Multistate (USA) - Update: West Nile virus, >1,600 cases
As of October 2, 2018, a total of 48 states and the District of Columbia have reported West Nile virus infections in people, birds, or mosquitoes in 2018. Overall, 1,611 cases of West Nile virus disease in people have been reported to the Centers for Disease Control and Prevention (CDC). Of these, 933 (58%) were classified as neuroinvasive disease (such as meningitis or encephalitis) and 678 (42%) were classified as non-neuroinvasive disease.
Nebraska reported the highest number of human cases at 195, followed by North Dakota (171) and South Dakota (141).
Below are the updates from some state health agencies.
Today the Mississippi State Department of Health (MSDH) reports two new human cases of West Nile virus (WNV), bringing the state’s total to 42 so far for 2018. The reported cases are in Hinds and Calhoun counties.
So far this year human cases have been reported in Adams (2), Attala, Calhoun (3), Copiah, Forrest (2), Harrison (4), Hinds (16), Itawamba, Jones, Lauderdale, Madison (2), Marion, Oktibbeha, Pearl River, Rankin (2), Walthall and Washington (2) counties. In 2017, Mississippi had 63 WNV cases and two deaths.
Peak WNV season in Mississippi typically ends in September, but activity is still being reported statewide, said MSDH State Epidemiologist Dr. Paul Byers. All Mississippians should take precautions against mosquitoes, regardless of reports of human cases in specific counties.
Byers said that while most people with WNV recover without any long-term problems, some develop a more severe infection that can lead to complications and even death, especially those over 50 years of age.

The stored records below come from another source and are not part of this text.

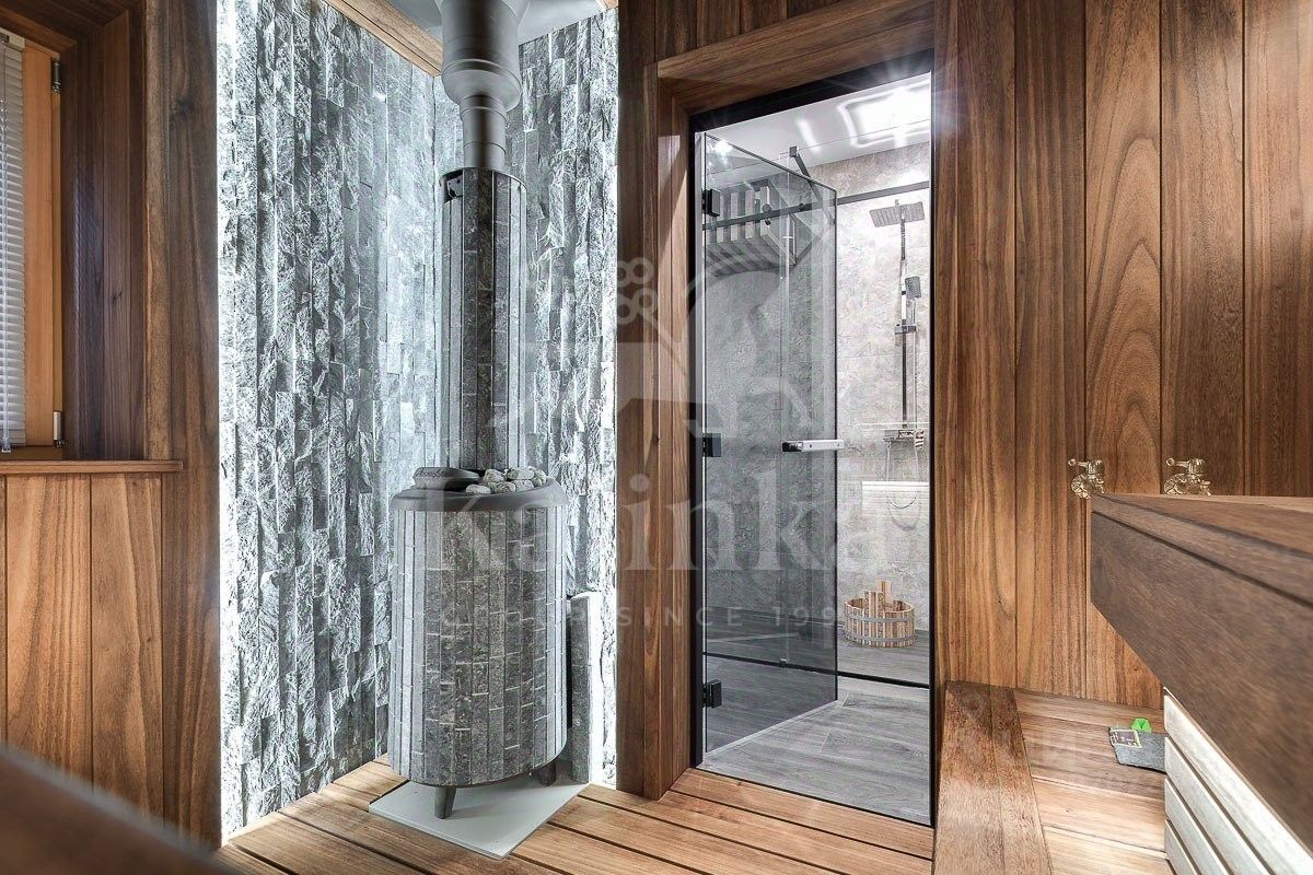Отделка дома выполнялась из высококачественных современных материалов, инженерные системы включают в себя: приточно-вытяжную вентиляцию с увлажнением и системой кондиционирования воздуха, электроприводы штор, мультирум и Wi-Fi, в доме установлены деревянные стеклопакеты, отделка фасада из натурального камня и лиственницы.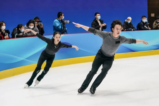 2022年1月5日,中国花样滑冰国家集训队在北京进行北京冬奥会前最后一次公开训练,三对双人滑组合在首钢园冰上训练中心进行了上冰训练。新华社记者 彭子洋 摄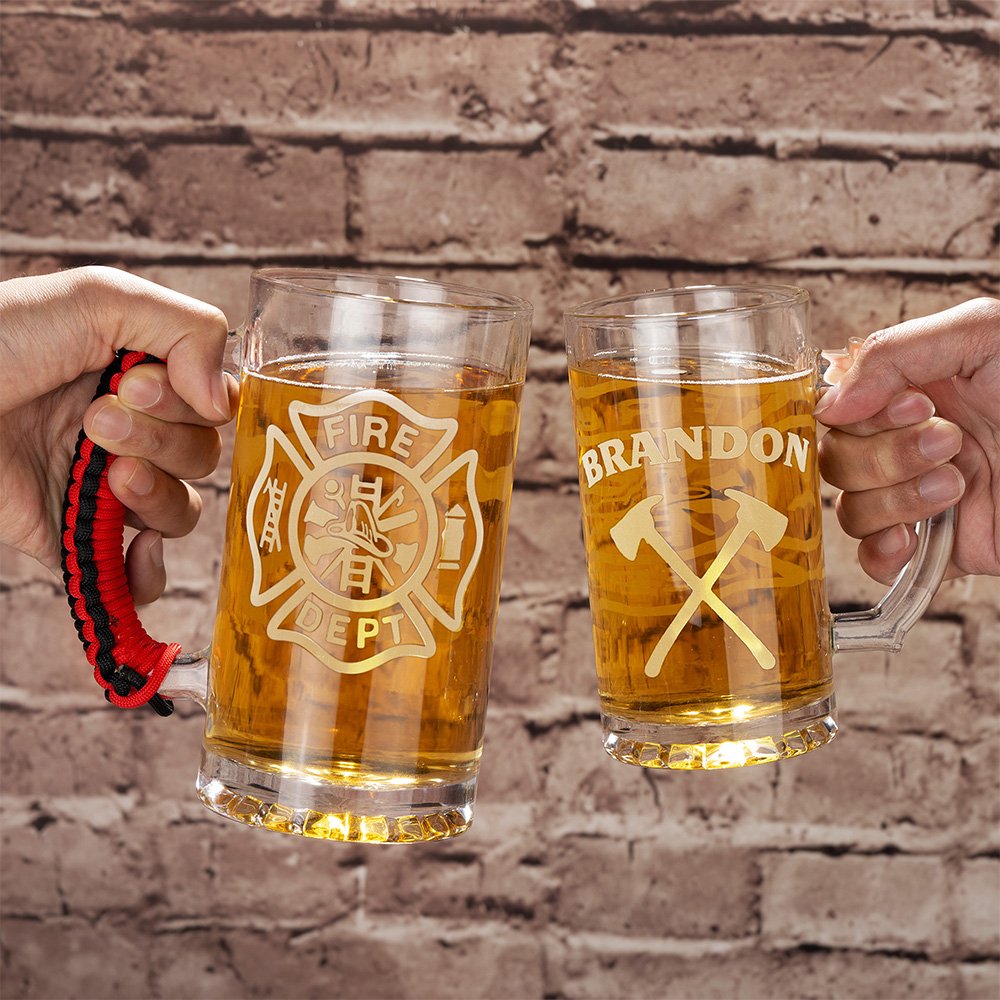 Questo boccale di birra presenta un design a tema pompieristico altamente riconoscibile, con un'ascia o una sagoma piena di forza, che simboleggia il coraggio e la tenacia dei vigili del fuoco. Il corpo della tazza può essere personalizzato con i badge con il nome e il numero di matricola, che sono unici e realizzati appositamente. Non è solo un oggetto pratico, ma anche un simbolo di identità e onore.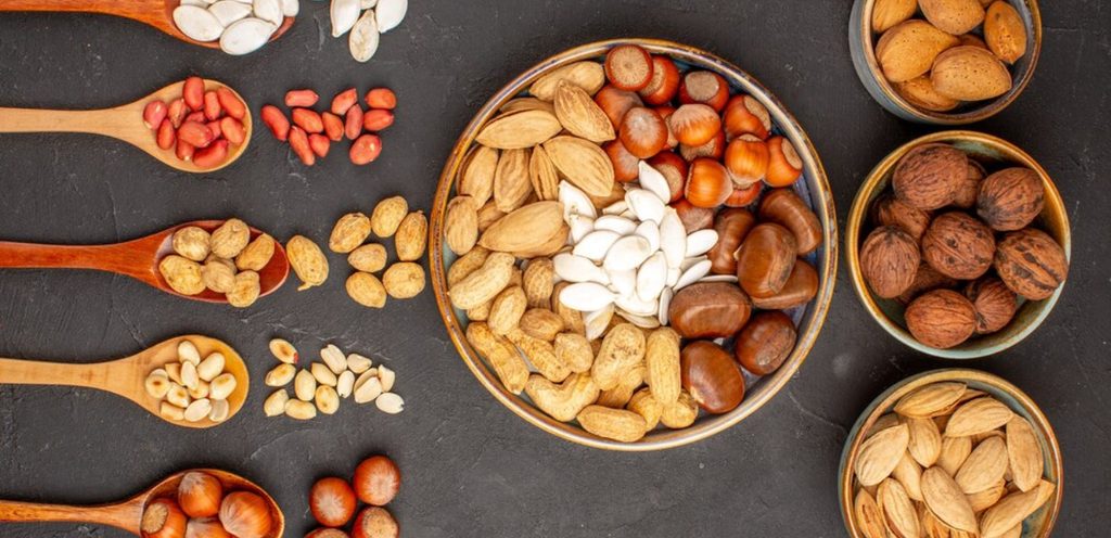 بالتأكيد تعتبر بعض أنواع المكسرات عالية بالسعرات الحرارية مما يحتم عليكم الإقتصاد في تناولها وعدم الإفراط لكونها قد تسبب لكم زيادة في الوزن، ومن أكثر المكسرات الملائمة للحمية: الفول السوداني، والبندق غير المملح، الجوز أو “عين الجمل”، واللوز النيء.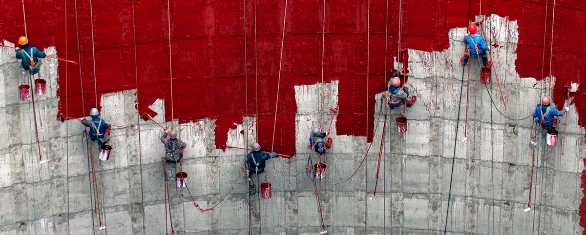 Покраска дымоходов производится на значительной высоте. Эта работа выполняется вручную несколькими промышленными альпинистами. Она занимает примерно 10 дней, время зависит от величины трубы. Эти специалисты имеют следующие возможности: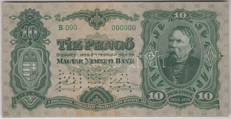 1929. 10P "Deák" "B 000 - 000000" sorozat és sorsz... https://www.darabanth.com/en/202-Online-auction/202.0/Numismatics/Hungarian-Banknotes~600008/1929-10P-Deak-B-000--000000-sorozat-es-sorszammal-illetve-vizszintes-MINTA-perforaciov~II805029

Symptoms of WNV infection are often mild and may include fever, headache, nausea, vomiting, a rash, muscle weakness or swollen lymph nodes. In a small number of cases, infection can result in encephalitis or meningitis, which can lead to paralysis, coma and possibly death.
The Los Angeles County Department of Public Health (Public Health) has confirmed the first death due to West Nile virus (WNV) for the 2018 season in Los Angeles County. The patient, a resident of the San Fernando Valley area, was hospitalized in early September and died from WNV- associated neuro-invasive disease. A total of 38 cases have been documented in Los Angeles County this year (excluding Long Beach and Pasadena as cases identified in those cities are reported by their local health departments).
“Our thoughts and prayers are with this person’s family and friends during this sad time. This should remind all of us that West Nile virus is a serious disease,” said Muntu Davis, MD, MPH, Los Angeles County Health Officer. “Everyone should take precautions by using Environmental Protection Agency (EPA)-registered mosquito repellent when outside and checking weekly for items that collect standing water in their homes or yards where mosquitoes can breed. Items that can hold water, even as small as a bottle cap, should be cleaned, covered or cleared out to stop mosquito breeding.”
Public Health has documented persistently elevated numbers of WNV cases in LA county over the previous 5 years, at an average of 221 cases per year. Over three-quarters of reported cases have had severe disease and approximately 7% of patients with severe WNV have died from complications. In 2017, a record of 27 deaths were documented among LA County’s 268 cases. Reduction of mosquito breeding sources and protection from mosquito bites are key to prevention.
According to the California Department of Public Health (CDPH), there have been 118 human cases of WNV reported in 26 counties. Five WNV-related fatalities have been reported to CDPH this year from five local health jurisdictions: Butte (1), Glenn (1), Placer (1), Yolo (1), and Yuba (1) counties, as of October 5, 2018.